Clinical studies have supported preclinical findings in rodents of high ratios of tumor tracer uptake to normal lymph node uptake, which suggested that FDG might permit detection of lymph node metastases. It was noted that when FDG was injected subcutaneously, there was intense
tracer uptake in the lymph nodes proximal to the injection site (49). In a preliminary study, Wahl et al. were able to correctly characterize 8 of 9 axillae with FDG-PET in the preoperative setting using tracer injection in the arm opposite to the side of the tumor (50). No false-positive findings occurred, but there was one false-negative result.

Several other reports of imaging axillary nodal metastases from breast cancer with PET have now appeared. In a report by Tse, using the whole-body PET technique, 11 of 14 axillae were accurately characterized as to the presence or absence of metastases (51). In 5 cases, there was uptake of FDG in the axillary nodal region, and in each instance there was tumor involvement of the axilla.
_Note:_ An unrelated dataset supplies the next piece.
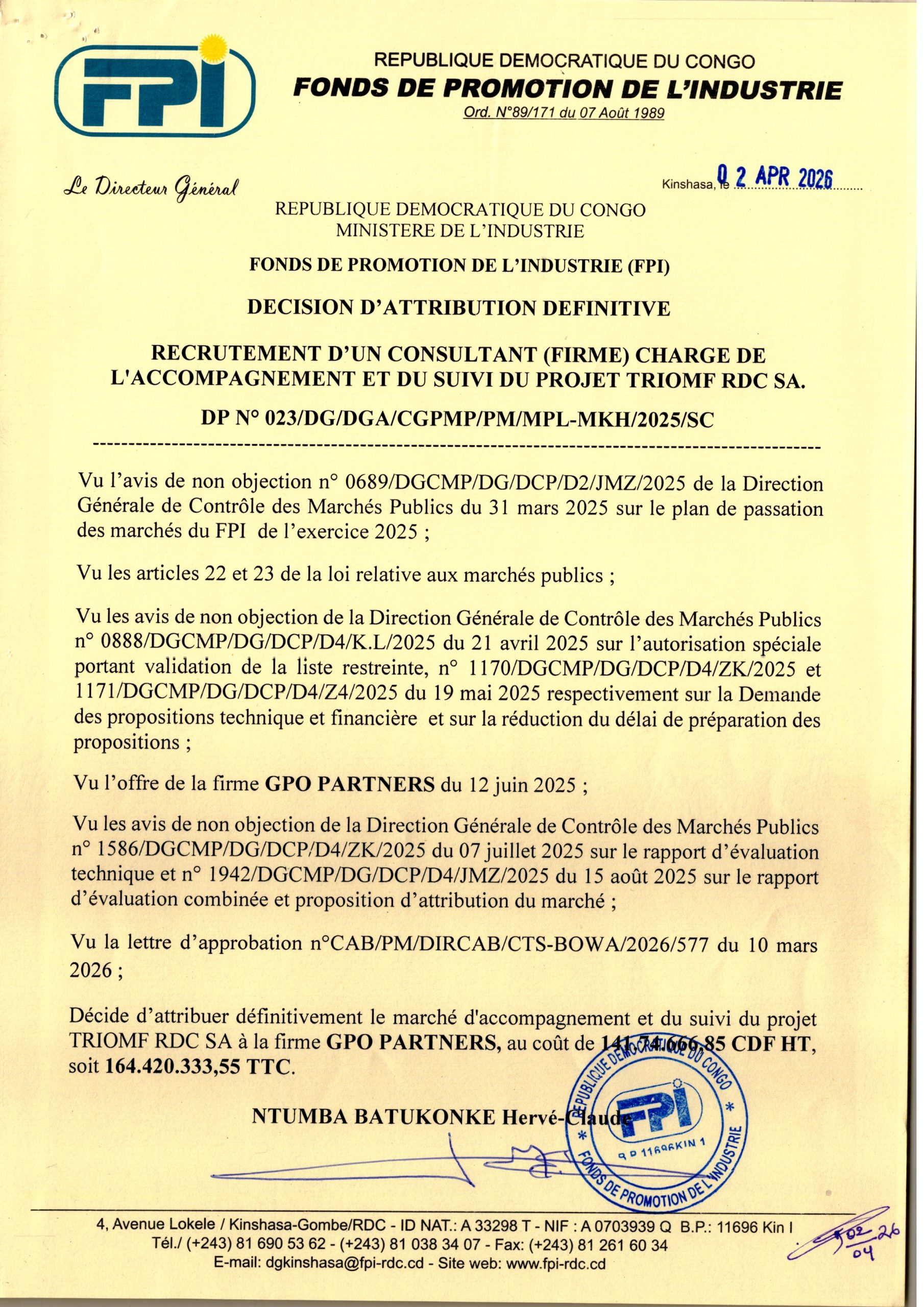 Décision d’attribution définitive accordée à la firme “GPO PARTNERS” relative au recrutement d’un consultant (firme) chargé de l’accompagnement et du suivi du projet TRIOMF RDC SA.

In a prospective study of 20 patients with newly diagnosed breast cancer who underwent axillary lymph node dissections following PET scans, 9 of 10 patients with nodal metastases were correctly diagnosed, while 10 of 10 disease-free axillae did not show increased uptake (52).

Figure 45.1 shows a whole-body FDG-PET scan in a patient with a primary left breast cancer and palpable axillary lymph nodes. The PET scan confirms FDG uptake in the primary tumor and axillary metastases and also demonstrates high axillary and supraclavicular lymph node metastases, which were not clinically apparent. Figure 45.2 demonstrates the potential usefulness of fused PET-CT images for anatomic localization of focal uptake in the axillary or chest wall region.